FERC last week set hearing and settlement judge procedures for Xcel Energy’s formal challenge to GridLiance High Plains’ proposed annual transmission revenue requirement (ATRR) for 2020 (ER20-1313, ER19-1357, ER18-2358).
Xcel, filing on behalf of subsidiary Southwestern Public Service, argued that GridLiance’s inclusion of upgraded Oklahoma assets in the SPP transmission zone it shares with SPS was improper and requested the proceeding be consolidated with two pending dockets that also concerned its Oklahoma Panhandle facilities. The commission agreed, holding the hearing in abeyance to provide time for settlement procedures.
Xcel says Gridliance’s Oklahoma assets do not qualify for regional cost allocation under the SPP Tariff and would result in a cost shift to its SPS subsidiary.
The commission found Xcel’s challenge raised factual issues that could not be resolved based on the record before it and disagreed with GridLiance’s charge that Xcel’s challenge was duplicative and should be dismissed. It said GridLiance was attempting for the first time to recover the costs of one of its projects and that they were different than the costs at issue in the other proceedings.
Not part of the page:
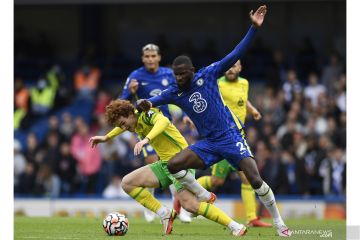 Pesepak bola Norwich City Mathias Normann (kanan) berebut bola dengan pesepak bola Chelsea Mateo Kovacic dalam laga pekan kesembilan liga Inggris, di Stadion Stamford Bridge, London, Inggris, Sabtu (23/10/2021). Chelsea membantai Norwich 7 gol tanpa balas. ANTARA FOTO/Reuters-Tony Obrien/hp.

FERC also disagreed with GridLiance that Xcel’s motion to consolidate should be denied given the status of the proceedings. “There are no additional issues in Xcel’s formal challenge that would inject unnecessary delay into the pending proceedings, which are in their early stages,” the commission wrote.
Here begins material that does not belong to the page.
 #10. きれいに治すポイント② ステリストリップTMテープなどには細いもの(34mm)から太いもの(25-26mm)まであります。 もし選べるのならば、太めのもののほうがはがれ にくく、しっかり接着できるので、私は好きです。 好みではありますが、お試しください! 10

Xcel also issued a formal challenge of GridLiance’s 2019 annual update, which resulted in an October 2019 order that set hearing and settlement judge procedures. FERC in August ruled that qualifying as a transmission facility under SPP’s Tariff Attachment AI does not eliminate the need to pass the seven-factor test established by Order 888. GridLiance has responded that SPP may have been incorrectly charging transmission customers for their use of certain facilities. (See GridLiance, Xcel Battle over Tx Qualifications.)